PROBLEM TO WORK ON :: Please reproduce exactly, and only, the line containing "Nevera botellera con" and every line after it to the end of the records below, leaving out all pictures.

RECORDS SUPPLIED ::

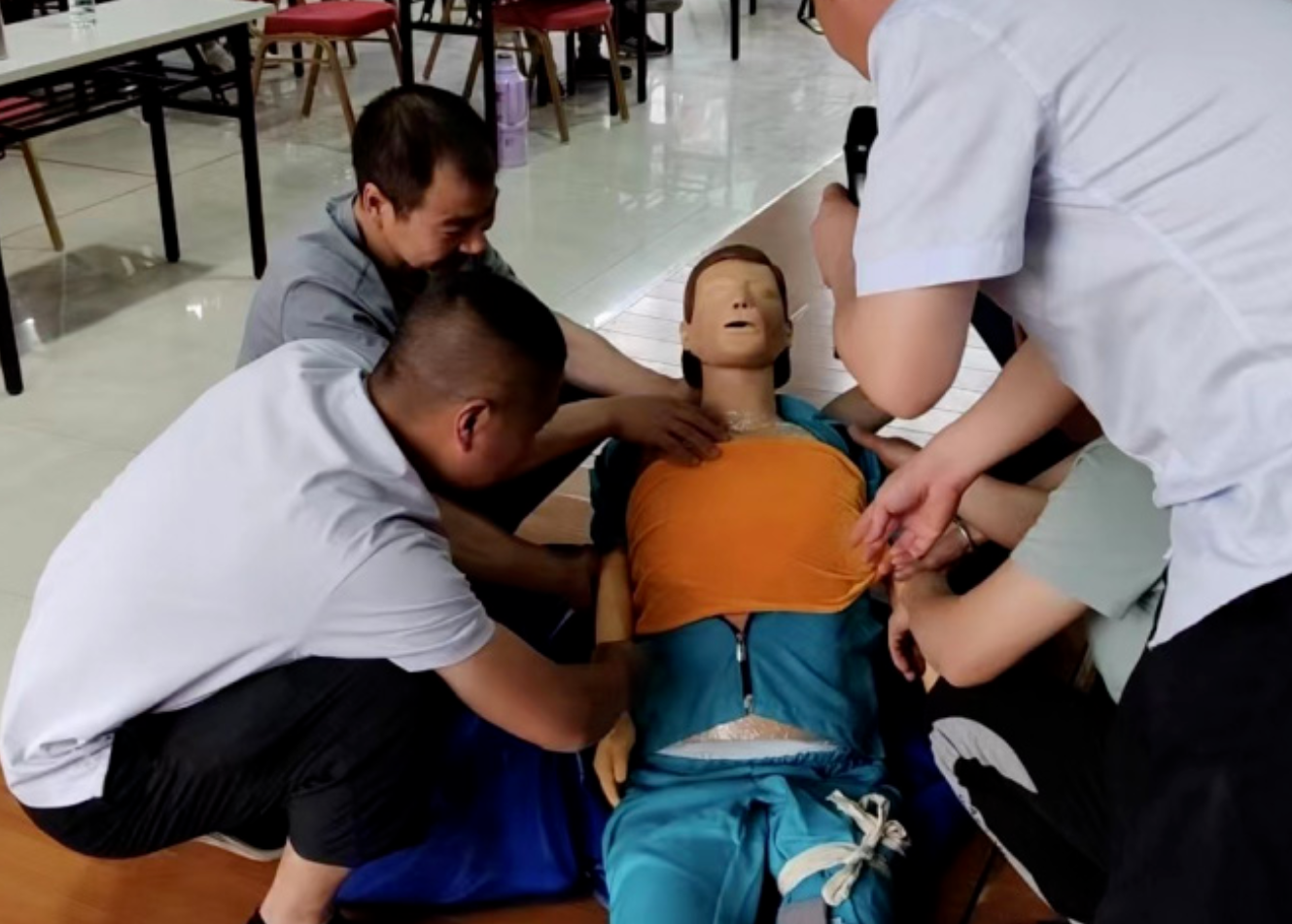 培訓(xùn)內(nèi)容包括綜合應(yīng)急救援演練及采礦地質(zhì)水文知識(shí)、片幫冒頂事故的情景及應(yīng)對(duì)措施、應(yīng)急救援演練中包扎和搬運(yùn)的方法等。
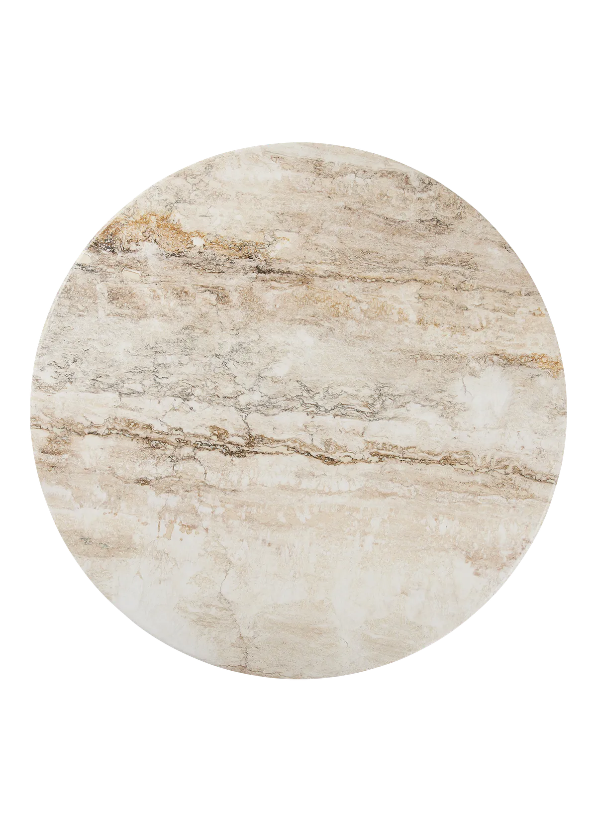 The IOI Coffee Tables by GamFratesi are a celebration of Italian materiality, featuring solid brass, steel, and now travertine. Drawing on geometric Art Deco references with a contemporary design language, the collection explores the empty space between the physical form as much as the form itself. Striking and unique, the IOI Collection takes its name from the structure of the table legs, each of which is formed from twin metal tubes linked by a sphere of brass the letters I-O-I rendered in physical form. Retaining this slender base, in black or chrome options, GUBI’s new edition introduces a new material and color to the circular tabletop travertine in Rippled Beige and refines its shape. The sides are rounded to create a U-shaped edge that arcs evenly on the top and bottom. At two different heights and diameters, the IOI Coffee Tables work well in pairs, groups and even clusters or alone as a single table alongside GUBI’s extensive range of lounge chairs and sofas.
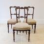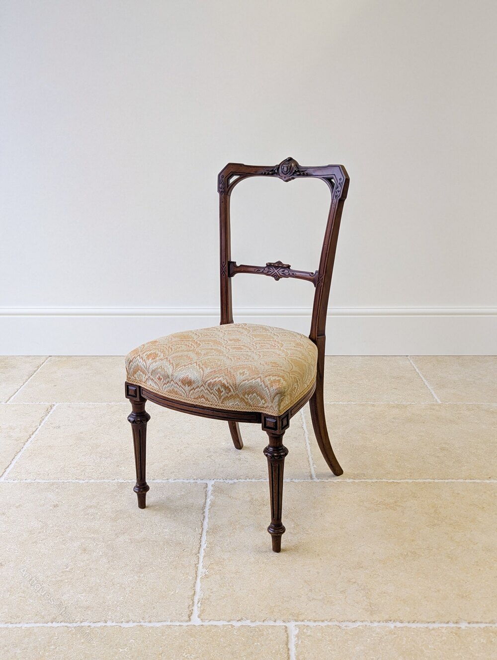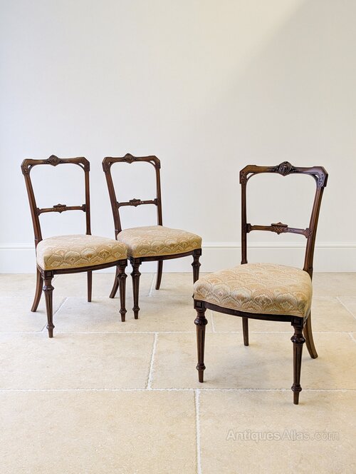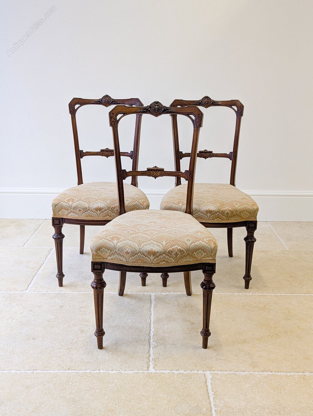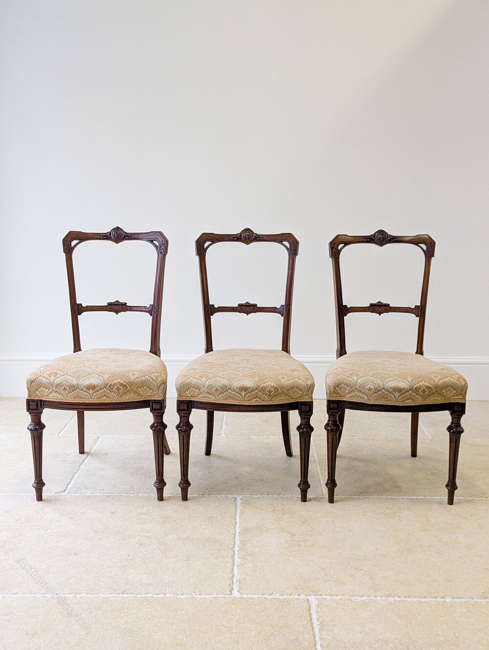 An attractive set of three late Victorian mahogany side chairs in the Aesthetic Movement taste. The shaped backs feature a crest rail centred by a carved roundel with a classical urn motif, above a decorative horizontal splat with incised geometric and foliate detail, all over finely upholstered seats raised on turned and reeded legs.
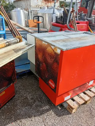 Nevera botellera con diseño de Coca-Cola, ideal para bares o establecimientos. Precio...230 unidad - Color rojo. - Diseño con imagen de Coca-Cola. - Base de madera para soporte.
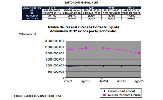 Com a queda brusca de receita, o município de Campos já está comprometendo quase 50% dos recursos que recebe com a folha de pagamento dos servidores municipais. Hoje, a folha de pagamento alcança 47,27% da receita corrente líquida, percentual que está próximo do limite de alerta pela Lei de Responsabilidade Fiscal que é de 48,6%. Em abril de 2014, 39,47% da receita eram comprometidos com o funcionalismo. A queda de receita tem sido provocada pela crise econômica, agravada pela queda do preço do barril do petróleo, que reflete diretamente na queda de arrecadação do município.

RESPONSE ::
 Nevera botellera con diseño de Coca-Cola, ideal para bares o establecimientos. Precio...230 unidad - Color rojo. - Diseño con imagen de Coca-Cola. - Base de madera para soporte.
 Com a queda brusca de receita, o município de Campos já está comprometendo quase 50% dos recursos que recebe com a folha de pagamento dos servidores municipais. Hoje, a folha de pagamento alcança 47,27% da receita corrente líquida, percentual que está próximo do limite de alerta pela Lei de Responsabilidade Fiscal que é de 48,6%. Em abril de 2014, 39,47% da receita eram comprometidos com o funcionalismo. A queda de receita tem sido provocada pela crise econômica, agravada pela queda do preço do barril do petróleo, que reflete diretamente na queda de arrecadação do município.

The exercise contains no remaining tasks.